Lyrically, BSSM represents frontman Anthony Kiedis in his prime. Throughout the album his lyrics are characteristically sexual, political, vulnerable, and unforgiving. And, he even manages to remember the majority of them when playing them live. Vocally, however, it is Frusciante’s own range showcased in his back-up vocals that make Kiedis shine – unless, of course, Kiedis is rapping. BSSM is the first album in which the then 19-year-old Frusciante distances himself from former guitarist Hillel Slovak’s aggressive style and begins to come into his own. The result is slightly more accessible, but no less funky. Guitar Player Magazine was perhaps the best to describe Frusciante’s newly found sound as a blend of “acid-rock, soul-funk, early art-rock and blues style with a raw, unprocessed Strat-and-Marshall tone.” Mixed with the ferocity with which Smith drums, and the plain virtuosity of bassist Flea, BSSM brilliantly showcases the unparalleled chemistry between the relatively young band members.

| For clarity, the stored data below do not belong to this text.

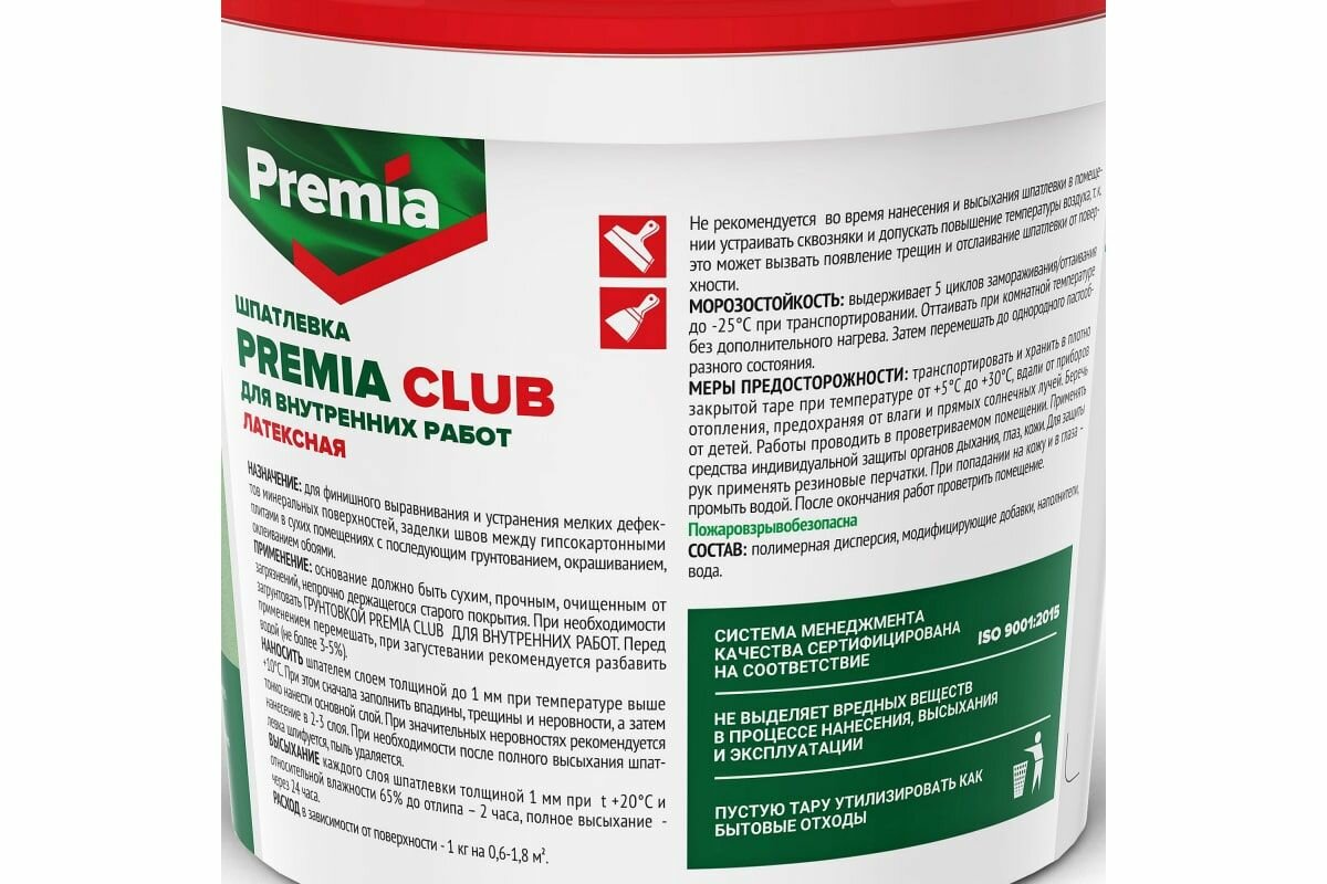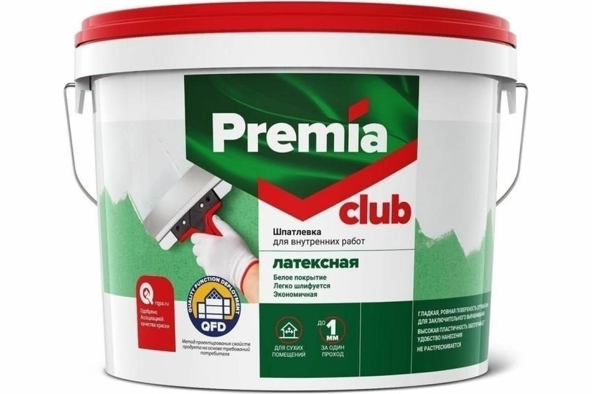 шпатлевка premia club выравнивающая для внутренних работ 8 кг ЯРКРАСКИ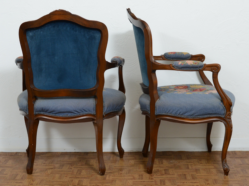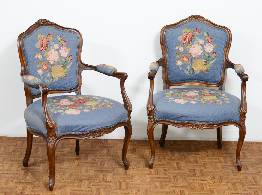 PAIR LOUIS XV STYLE WALNUT FAUTIUEL: Molded and carved open arm chais with cartouche shaped backs, backs and seats covered in floral needlepoint. 35 1/2''h. x 24''w. x 21''d.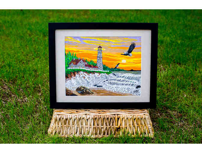 Framed painting, "Lighthouse at Sunset" by Holly LaVoie (SOM Faculty), mixed medium: acrylic, oil, ink, pencil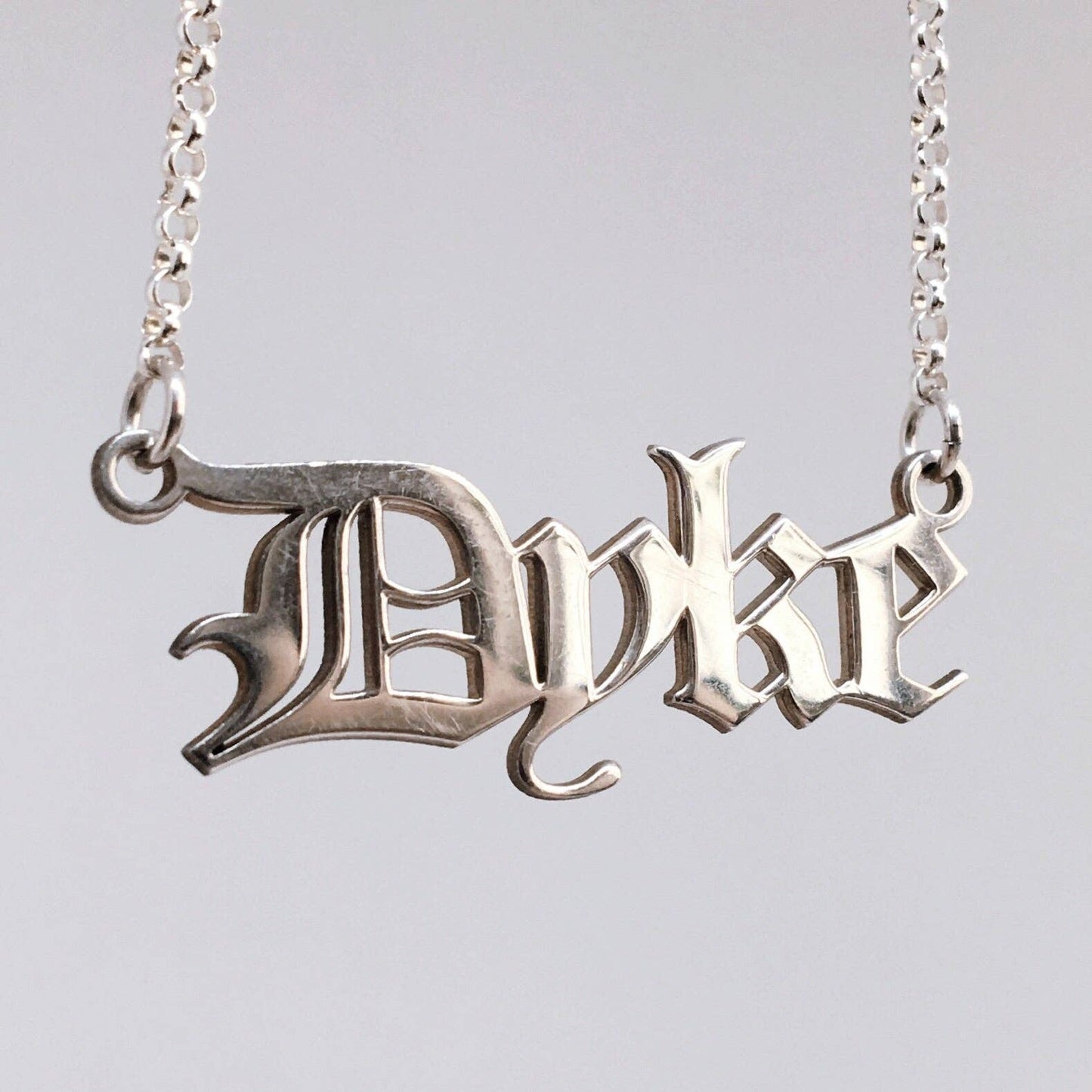 The Necklace is hand crafted solid .925 sterling silver & the name measures approx 3cm wide x 1cm tall. The Chain measures 45cm long

Having made public the Chilis song-writing process in the widely read autobiography “Scar Tissue” written by Anthony Kiedis, many are familiar with the sentiment behind songs such as “Under the Bridge” (Kiedis’ struggle with heroin), “Breaking the Girl” (Kiedis’ guilty musings on being a “womanizer”), and “I Could’ve Lied” (again, Kiedis’ heartbreak over Irish singer Sinead O’Connor). While hit singles such as “Give It Away” and “Under the Bridge” launched both BSSM and the band into the international spotlight, for me it is jam-oriented, sex-fueled tracks such as “If You Have to Ask,” “Mellowship Slinky in B Major,” and “Sir Psycho Sexy” that invoke the funky, Sly and the Family Stone-inspired spirit that make BSSM a timeless favourite.
Given that BSSM reached number one in Canada, New Zealand, and Australia, it becomes even more difficult to say it deserves any less than an 8/10. However, looking back almost 25 years since its inception, BSSM has not only influenced an entire decade of musicians and listeners, but now stands as a bridge between the Chili’s early, blissfully chaotic funk, and their more melodic, structured sound that was to come.